LA Mayor Takes Steps towards state politics
by Brian Leubitz
Since Mayor Antonio Villaraigosa opted out of the 2010 Governor’s race, he has been fairly quite on state level politics. However, he stepped right up, and at the Sacramento Press Club, took on Prop 13:
He implored politicians to muster the courage to stop shying away from the third rails in California politics, including Prop. 13′s property tax on businesses and the constitutional requirement for a two-thirds vote on taxes.
And he framed it as direct challenge to Gov. Jerry Brown:
“To Governor Brown, I say, we need to have the courage to test the voltage in some of these so-called third-rail issues, beginning with Proposition 13,” Villaraigosa said. “We need to strengthen Proposition 13 and get it back to the original idea of protecting homeowners.” (Political Blotter)
Of course, these are traditional issues of import to California progressives, and critical to reestablishing democracy in California. Even if Democrats are able to get 2/3 in the Legislature, changing the tax rules still matter. Look at it this way, if we are working with majority rules, we can afford to lose some conservative Democratic votes. But with the supermajority rules, the right-leaning lobbies have far more sway over a 2/3 Democratic majority as they can pick off members of the “Mod Squad.”
It is good to see Villaraigosa take on Prop 13, as the more conversation the better. Whether anything comes of this is another question.
Unfortunately, the other items Villaraigosa proposed are elimination of the corporate income tax, “pension reform” (i.e., wage reductions) and reductions in the personal income tax (which needs to be progressively restructured instead of reduced).
We need a comprehensive progressive plan for bringing back the California dream.
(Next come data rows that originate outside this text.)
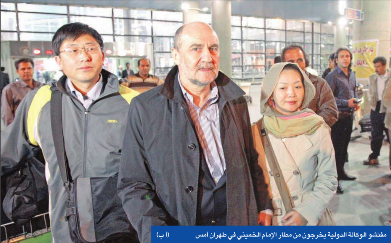
مفتشو الوكالة الدولية يخرجون من مطار الإمام الخميني في طهران أمس

من ناحية أخرى، أعلن الرئيس الباكستاني آصف علي زرداري أن المتورطين في الهجوم الانتحاري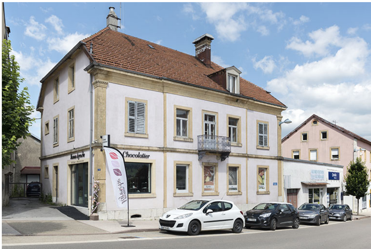
Vue d'ensemble, de trois quarts gauche. 25, Morteau, 2 place Carnot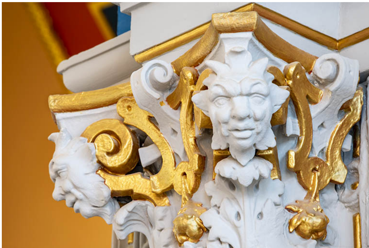
Foyer : détail d'un chapiteau et des masques.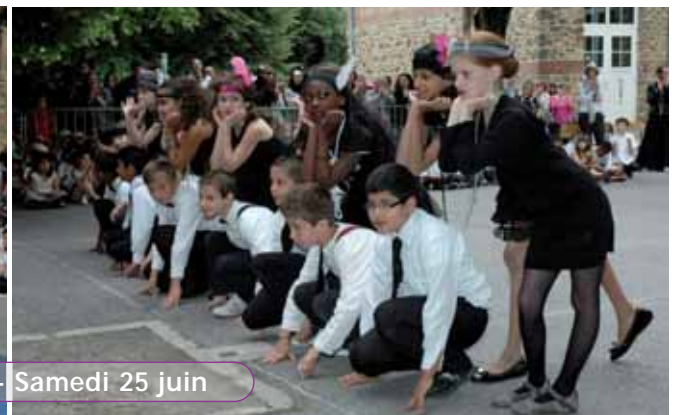
École Jean Jaurès - Samedi 25 juin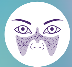
Sarpullido en forma de mariposa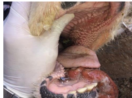
شکل ۴- نتایج درمان با غلظت ۵ درصد عصاره گیاه علف چای پس از ۴ روز در یکی از گاوهای درگیر در کانون شماره ۲ (درجه پاسخ به درمان، خوب مشاهده گردید).

اثرات عصاره یا اسانس برخی از گیاهان روی بهبودی ضایعات دهانی تب برفکی انجام شده است. از جمله مشخص شده است که مصرف اسانس گیاه مورد بر روی ضایعات دهانی ناشی از بیماری تب برفکی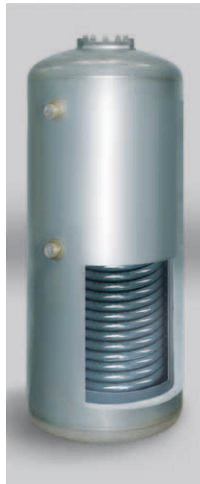
Бойлер из нержавеющей стали марки AISI 316 L с объемом 110 л

We don’t need any more “grand bargains” that mix and match reactionary policies. These result only in further destruction of the public sector, and further benefit for the wealthiest.
The 2/3 rule places too much power in too few hands…
and power – as the old saying goes – corrupts.
Year after year, the ‘Pubs used their “superminority” power over the budget to extort votes for issues that had nothing to do with finance: environmental regs, labor laws, election rules and giveaways to out-of-state corporations.
As few as 27 of our 80 Assembly members can prevent a revenue bill from passing. It only takes 14 of our 40 State Senators to gum up the works. That kind of power makes members of minority party tempting and easy targets for corporate lobbyists and campaign money.
Start the conversation in terms of unearned, undeserved, corrupting power – before it slides into the swamp of “The Democrats will tax us out of our homes!”